* [Work request]: Give the lines below again exactly, starting with the line that holds "Hierarchical correlation and" and going on through the line that holds "Satin Ribbon Trim".

* [Information shown]:
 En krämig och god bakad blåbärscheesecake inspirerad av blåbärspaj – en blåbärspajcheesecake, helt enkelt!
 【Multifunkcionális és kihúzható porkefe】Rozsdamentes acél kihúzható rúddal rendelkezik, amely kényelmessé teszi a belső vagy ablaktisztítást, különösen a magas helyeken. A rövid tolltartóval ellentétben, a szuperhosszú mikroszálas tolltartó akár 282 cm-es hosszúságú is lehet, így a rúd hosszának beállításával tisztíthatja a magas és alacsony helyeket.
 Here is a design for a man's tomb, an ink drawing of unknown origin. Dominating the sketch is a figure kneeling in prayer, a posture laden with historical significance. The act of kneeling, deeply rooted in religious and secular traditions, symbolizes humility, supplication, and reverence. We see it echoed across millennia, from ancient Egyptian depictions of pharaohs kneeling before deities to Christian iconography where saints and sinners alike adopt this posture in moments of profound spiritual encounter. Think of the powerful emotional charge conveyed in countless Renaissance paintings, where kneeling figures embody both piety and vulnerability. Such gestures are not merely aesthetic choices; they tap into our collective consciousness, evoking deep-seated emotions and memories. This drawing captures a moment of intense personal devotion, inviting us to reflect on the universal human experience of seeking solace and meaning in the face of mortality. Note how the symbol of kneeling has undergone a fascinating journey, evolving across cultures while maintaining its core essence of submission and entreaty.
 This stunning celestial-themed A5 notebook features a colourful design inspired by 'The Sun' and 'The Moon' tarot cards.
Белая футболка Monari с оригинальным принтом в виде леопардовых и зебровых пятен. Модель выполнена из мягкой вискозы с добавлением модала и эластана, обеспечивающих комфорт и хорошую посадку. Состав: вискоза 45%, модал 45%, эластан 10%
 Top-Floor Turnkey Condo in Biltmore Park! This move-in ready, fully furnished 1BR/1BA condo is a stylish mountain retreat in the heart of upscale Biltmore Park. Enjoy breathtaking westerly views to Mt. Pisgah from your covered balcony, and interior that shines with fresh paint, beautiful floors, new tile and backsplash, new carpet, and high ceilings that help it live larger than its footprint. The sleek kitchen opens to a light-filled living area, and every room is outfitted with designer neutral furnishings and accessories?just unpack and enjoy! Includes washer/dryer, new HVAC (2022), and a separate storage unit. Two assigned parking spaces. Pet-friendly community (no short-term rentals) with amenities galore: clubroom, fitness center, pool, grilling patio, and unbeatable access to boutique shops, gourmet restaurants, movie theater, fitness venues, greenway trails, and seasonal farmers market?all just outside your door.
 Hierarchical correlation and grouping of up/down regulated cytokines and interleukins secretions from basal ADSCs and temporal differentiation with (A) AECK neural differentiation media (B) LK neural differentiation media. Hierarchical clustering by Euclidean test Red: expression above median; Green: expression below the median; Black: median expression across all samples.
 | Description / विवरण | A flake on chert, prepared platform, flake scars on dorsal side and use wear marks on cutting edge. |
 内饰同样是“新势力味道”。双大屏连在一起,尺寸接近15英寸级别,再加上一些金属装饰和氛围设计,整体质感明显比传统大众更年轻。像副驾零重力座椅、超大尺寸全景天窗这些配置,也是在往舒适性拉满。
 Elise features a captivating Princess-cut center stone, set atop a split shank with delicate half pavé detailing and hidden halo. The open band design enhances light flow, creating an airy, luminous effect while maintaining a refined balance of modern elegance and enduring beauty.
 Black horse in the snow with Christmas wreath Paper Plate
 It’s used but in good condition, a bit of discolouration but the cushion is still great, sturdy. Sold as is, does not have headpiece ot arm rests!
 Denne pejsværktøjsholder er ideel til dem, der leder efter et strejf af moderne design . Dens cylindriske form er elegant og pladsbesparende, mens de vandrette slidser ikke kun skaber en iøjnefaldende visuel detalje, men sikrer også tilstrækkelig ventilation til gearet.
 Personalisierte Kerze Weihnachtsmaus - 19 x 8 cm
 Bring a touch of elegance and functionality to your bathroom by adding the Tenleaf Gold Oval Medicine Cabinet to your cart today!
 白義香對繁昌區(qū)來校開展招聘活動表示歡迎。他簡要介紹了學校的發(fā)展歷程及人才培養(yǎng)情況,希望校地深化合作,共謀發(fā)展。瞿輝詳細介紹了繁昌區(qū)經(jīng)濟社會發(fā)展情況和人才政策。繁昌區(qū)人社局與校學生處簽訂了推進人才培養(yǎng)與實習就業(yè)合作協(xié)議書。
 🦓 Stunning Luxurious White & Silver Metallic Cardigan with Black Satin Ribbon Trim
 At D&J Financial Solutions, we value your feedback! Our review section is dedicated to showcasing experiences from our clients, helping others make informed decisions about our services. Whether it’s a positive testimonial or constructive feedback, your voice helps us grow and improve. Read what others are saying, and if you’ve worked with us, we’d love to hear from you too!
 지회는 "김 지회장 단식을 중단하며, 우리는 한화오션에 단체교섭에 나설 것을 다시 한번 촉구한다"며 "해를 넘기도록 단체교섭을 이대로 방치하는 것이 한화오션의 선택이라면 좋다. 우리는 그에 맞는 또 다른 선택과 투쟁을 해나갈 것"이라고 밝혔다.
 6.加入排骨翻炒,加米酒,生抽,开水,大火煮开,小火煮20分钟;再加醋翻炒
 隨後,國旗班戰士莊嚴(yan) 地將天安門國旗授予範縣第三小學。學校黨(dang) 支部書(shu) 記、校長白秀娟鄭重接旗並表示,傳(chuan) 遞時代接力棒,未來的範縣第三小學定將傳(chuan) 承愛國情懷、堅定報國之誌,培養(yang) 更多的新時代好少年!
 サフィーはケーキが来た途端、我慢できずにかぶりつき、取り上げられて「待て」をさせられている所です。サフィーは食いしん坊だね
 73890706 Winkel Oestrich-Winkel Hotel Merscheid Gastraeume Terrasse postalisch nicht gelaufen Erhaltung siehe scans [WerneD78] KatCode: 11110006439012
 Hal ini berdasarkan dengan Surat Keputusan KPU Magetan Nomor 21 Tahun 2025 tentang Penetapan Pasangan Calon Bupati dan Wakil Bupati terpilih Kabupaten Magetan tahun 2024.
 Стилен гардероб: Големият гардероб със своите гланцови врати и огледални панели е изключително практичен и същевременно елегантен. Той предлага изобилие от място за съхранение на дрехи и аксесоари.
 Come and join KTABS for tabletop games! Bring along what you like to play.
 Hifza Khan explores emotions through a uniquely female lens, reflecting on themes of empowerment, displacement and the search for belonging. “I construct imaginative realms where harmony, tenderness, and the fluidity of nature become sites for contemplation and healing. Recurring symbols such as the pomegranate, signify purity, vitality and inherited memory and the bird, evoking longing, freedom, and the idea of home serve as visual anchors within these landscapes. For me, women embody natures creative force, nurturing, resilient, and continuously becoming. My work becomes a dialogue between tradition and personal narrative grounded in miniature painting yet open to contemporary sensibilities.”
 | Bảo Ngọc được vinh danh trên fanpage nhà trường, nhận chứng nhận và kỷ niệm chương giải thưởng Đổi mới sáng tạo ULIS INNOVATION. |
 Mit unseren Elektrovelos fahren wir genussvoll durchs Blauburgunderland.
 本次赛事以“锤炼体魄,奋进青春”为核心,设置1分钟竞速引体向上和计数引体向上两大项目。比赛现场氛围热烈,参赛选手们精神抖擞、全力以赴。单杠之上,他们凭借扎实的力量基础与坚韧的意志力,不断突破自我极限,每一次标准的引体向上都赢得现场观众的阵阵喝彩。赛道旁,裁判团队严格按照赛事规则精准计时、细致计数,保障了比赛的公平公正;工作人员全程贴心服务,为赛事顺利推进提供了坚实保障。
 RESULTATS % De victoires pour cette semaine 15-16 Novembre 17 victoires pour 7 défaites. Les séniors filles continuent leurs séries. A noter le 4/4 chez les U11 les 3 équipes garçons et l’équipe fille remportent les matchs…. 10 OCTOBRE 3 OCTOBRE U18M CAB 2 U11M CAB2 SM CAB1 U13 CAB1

* [Exercise solution]:
 Hierarchical correlation and grouping of up/down regulated cytokines and interleukins secretions from basal ADSCs and temporal differentiation with (A) AECK neural differentiation media (B) LK neural differentiation media. Hierarchical clustering by Euclidean test Red: expression above median; Green: expression below the median; Black: median expression across all samples.
 | Description / विवरण | A flake on chert, prepared platform, flake scars on dorsal side and use wear marks on cutting edge. |
 内饰同样是“新势力味道”。双大屏连在一起,尺寸接近15英寸级别,再加上一些金属装饰和氛围设计,整体质感明显比传统大众更年轻。像副驾零重力座椅、超大尺寸全景天窗这些配置,也是在往舒适性拉满。
 Elise features a captivating Princess-cut center stone, set atop a split shank with delicate half pavé detailing and hidden halo. The open band design enhances light flow, creating an airy, luminous effect while maintaining a refined balance of modern elegance and enduring beauty.
 Black horse in the snow with Christmas wreath Paper Plate
 It’s used but in good condition, a bit of discolouration but the cushion is still great, sturdy. Sold as is, does not have headpiece ot arm rests!
 Denne pejsværktøjsholder er ideel til dem, der leder efter et strejf af moderne design . Dens cylindriske form er elegant og pladsbesparende, mens de vandrette slidser ikke kun skaber en iøjnefaldende visuel detalje, men sikrer også tilstrækkelig ventilation til gearet.
 Personalisierte Kerze Weihnachtsmaus - 19 x 8 cm
 Bring a touch of elegance and functionality to your bathroom by adding the Tenleaf Gold Oval Medicine Cabinet to your cart today!
 白義香對繁昌區(qū)來校開展招聘活動表示歡迎。他簡要介紹了學校的發(fā)展歷程及人才培養(yǎng)情況,希望校地深化合作,共謀發(fā)展。瞿輝詳細介紹了繁昌區(qū)經(jīng)濟社會發(fā)展情況和人才政策。繁昌區(qū)人社局與校學生處簽訂了推進人才培養(yǎng)與實習就業(yè)合作協(xié)議書。
 🦓 Stunning Luxurious White & Silver Metallic Cardigan with Black Satin Ribbon Trim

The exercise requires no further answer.